Ларёк

Тов Краснов
- Да не, балет это не то. Скачут, скачут… Как хохлы на майдане. Опера получше…
Позади меня расположилась гоповатая компания: пацанчики решили сводить тёлочек в театр. Тёлочкам будет о чём написать в твиттере, да и вообще приятно. Хотя, конечно, скучно.
Советская опера – это как итальянский хоккей: один смех. Убеждаться в этом самому совсем не обязательно: это всем и так известно. Поэтому зал был наполовину пуст, несмотря на дешёвые билеты.
Оркестровая яма замолчала, окончив настраиваться. Свет погас, и компания позади меня угомонилась. Занавес разъехался, обнажив сцену.
На сцене был совок. То есть примерно то, что при слове «совок» всплывает в голове иностранца. Что-то тёмное, серо-стальное, индустриальное и примитивное. В середине сцены находился люк, оформленный под какую-то промышленную горловину – в такую обычно засасывало связанных и лежащих на конвейере голливудских суперагентов, – а над зловещим жерлом двигались устрашающего вида механические серп и молот. В недобром красноватом свете они напоминали две циркулярные пилы всё из того же Голливуда. А чтобы ни у кого не оставалось сомнений в назначении жерла, к нему вели оплавленные и покорёженные рельсы.
«Шёл солдат с фронта». Так назывался фильм тридцать девятого года по повести Катаева «Сын трудового народа». Шёл с фронта солдат, а пришёл на фронт. Не хотел воевать, устал неясно за что лить кровь, свою и чужую, а земля звала домой. Ушёл из армии сразу после революции, как ушли многие крестьяне. Как ни уговаривал его остаться новый командир батареи, большевик из вольноопределяющихся, а голос земли, ждущей пахаря, был сильнее…

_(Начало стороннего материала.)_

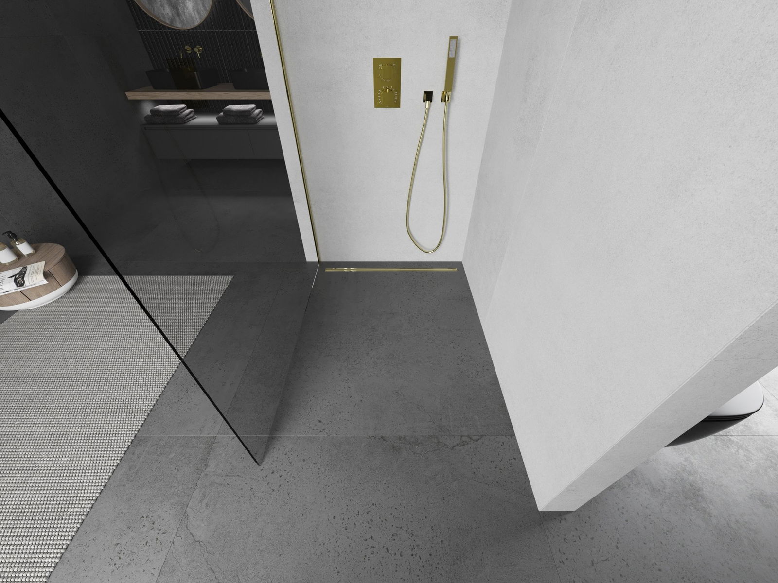 Mexen Kioto paroi de douche Walk-in 60 x 200 cm, transparent 8 mm, or - 800-060-101-50-00

Чем привлёк этот сюжет Прокофьева, который больше десяти лет не писал опер? И для чего композитор вернулся в СССР из эмиграции? Чтобы можно было не зарабатывать на жизнь коммерческими фортепьянным концертами, а сосредоточиться на сочинительстве. Продался Прокофьев, да и всё. И, кстати, абсолютно правильно сделал. Так учат нас с детства искусствоведы. Вот только (эх, беда-то!) – продолжает рассказывать официальное искусствоведение – не рассчитал наивный композитор, что в тоталитарном кошмаре заставят его выворачиваться на изнанку и писать то, что ему не хочется… Правы российские искусствоведы? Или не продался Прокофьев, не погорел на том, что искал лёгкой жизни, да и не пытался её искать? Может быть, просто Родина позвала его домой, как мужика земля позвала с фронта?.. Музыка скажет.

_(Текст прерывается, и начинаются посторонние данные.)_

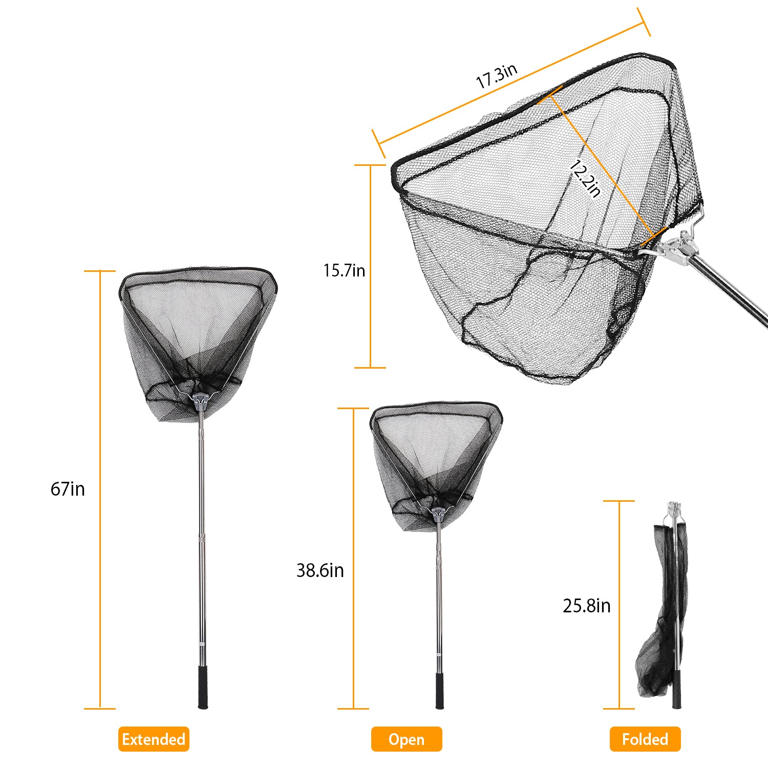 - *38.6in-67in Telescopic Rod*:The rod that extends from 38.6in-67in allows for extra reach required for a successful catch or release. The net with a size of 17.3x12.2x15.7in in triangular shape contributes to more stable and deeper fishing.

Молчала музыка, не давала ответа. Может быть, не давала ответа потому, что пели плохо. Есть, впрочем, устойчивое мнение, что сейчас везде плохо поют: других певцов, у нас для вас нет. А может, потому, что никак нельзя было привыкнуть, что поют оперными голосами не герцоги с князьями, а солдаты в шинелях, девки да мужики…

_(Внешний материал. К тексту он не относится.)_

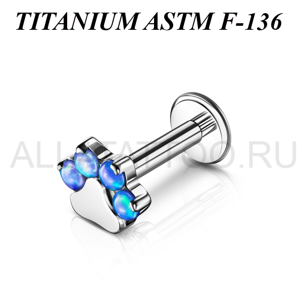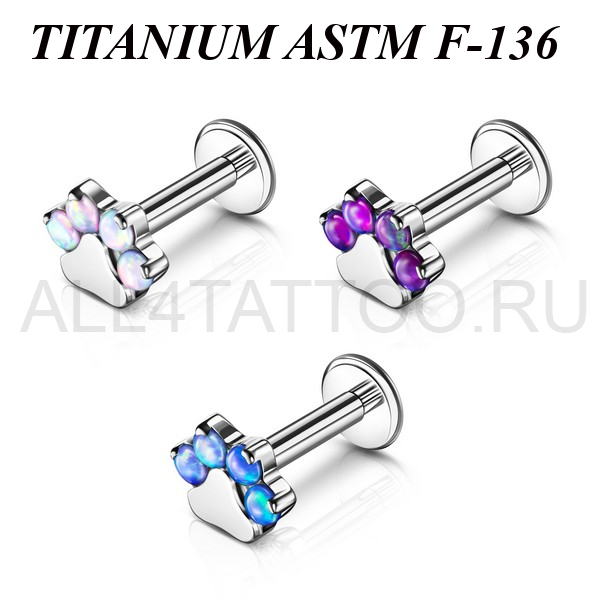 Лабрет с внутренней резьбой из имплантационного титана 6Al-4V-Eli ASTM: F-136  с накруткой в форме лапки, украшенной лабораторными опалами. Размер накрутки: 5,5х4,5мм.

В опере по понятным причинам сокращена едва ли не треть повести Катаева. Как засылал бедняк Семён сватов.  Как отказал ему отец невесты, самый богатый человек на селе, дослужившийся всеми правдами и неправдами до фельдфебеля. И как попал Семён после призыва к этому самому фельдфебелю во взвод. И как несколько лет превращал фельдфебель (старшина, сегодняшним языком) службу солдата в кошмар, и требовал «отступиться» от Софьи. И как после революции вместе с офицерами пытался фельдфебель открыть артиллерийский огонь по русскому батальону, который отказался идти в смертельное и бессмысленное наступление, как повязали офицеров и фельдфебеля солдаты. И как выпрашивал фельдфебель жизнь у Семёна, сулил ему дочь Софью. Очень хотелось жить фельдфебелю: зря что ли выслуживался и подличал столько лет? Зря жалование откладывал и копил, и в деревне стал первым богачом? И выпустил его Семён из-под замка...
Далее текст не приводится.